Design Principles – Performance Efficiency

Design principles describe concrete technical guidelines for architecture and implementation decisions. They complement the 7 Performance Principles with technical specificity.

DP1 – Separate Workloads by Load Profile

Different load profiles require different scaling strategies. Synchronous APIs, asynchronous background jobs, batch processing, and event-driven workloads SHOULD be architecturally separated to enable optimal scaling configurations per component.

Implications:

API servers: stateless, horizontally scalable, auto-scaling on request rate
Background jobs: queue-based, scales on queue depth (SQS, Azure Service Bus, Pub/Sub)
Batch processing: spot/preemptible instances, scheduled scaling
Real-time pipelines: streaming services (Kinesis, Event Hubs, Dataflow)
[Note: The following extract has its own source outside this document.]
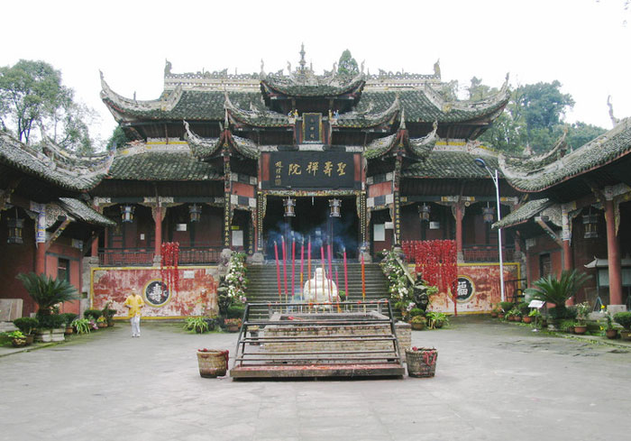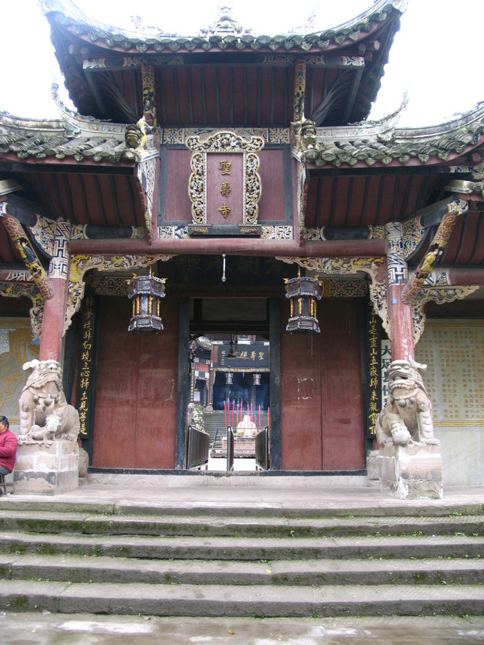 圣寿寺主要建筑有山门、天王殿、帝释殿、大雄宝殿、三世佛殿、观音洞、燃灯殿、达维摩殿(又称宝顶)等。

# Anti-pattern: Everything on one EC2
resource "aws_instance" "monolith" {
  instance_type = "m5.8xlarge"  # Large enough for all workloads?
}

# Better: Separate scaling domains
resource "aws_autoscaling_group" "api" { min_size = 2; max_size = 20 }
resource "aws_autoscaling_group" "workers" { min_size = 0; max_size = 50 }
# Workers scale on SQS queue depth

DP2 – Externalise State Before Scaling

Before implementing auto-scaling, all in-process state must be externalized. Sessions, caches, temporary files, and locks must not be stored locally on the instance, as they will be lost during scale-in and unavailable during scale-out.

State externalization:

State type Anti-pattern Correct solution

State type	Anti-pattern	Correct solution
HTTP Session	In-memory session store (default in many frameworks)	Redis/ElastiCache (aws_elasticache_replication_group)
File Uploads	Local filesystem path `/tmp/uploads`	S3/Azure Blob/GCS directly from client or pre-signed URLs
Distributed Locks	File lock or in-memory mutex	Redis SETNX, DynamoDB conditional writes
Temporary Computation Data	Local file for multi-step processes	S3 for stage output, queue for stage coordination

HTTP Session

In-memory session store (default in many frameworks)

Redis/ElastiCache (aws_elasticache_replication_group)

File Uploads

Local filesystem path /tmp/uploads

S3/Azure Blob/GCS directly from client or pre-signed URLs

Distributed Locks

File lock or in-memory mutex

Redis SETNX, DynamoDB conditional writes

Temporary Computation Data

Local file for multi-step processes

S3 for stage output, queue for stage coordination

DP3 – Use Latency-Optimized Routing

Network latency accumulates at every service hop. In a microservices architecture, a request can trigger 10+ internal service calls. Every hop must be latency-optimized.

Routing decisions:

AZ affinity: Service-A on AZ-a preferably communicates with Service-B on AZ-a
VPC endpoints: All cloud service APIs (S3, DynamoDB, SSM, ECR) via gateway/interface endpoints
Service mesh: For high-frequency service-to-service communication (Istio, AWS App Mesh)
gRPC instead of REST: For internal APIs with high call volume (binary protocol, HTTP/2)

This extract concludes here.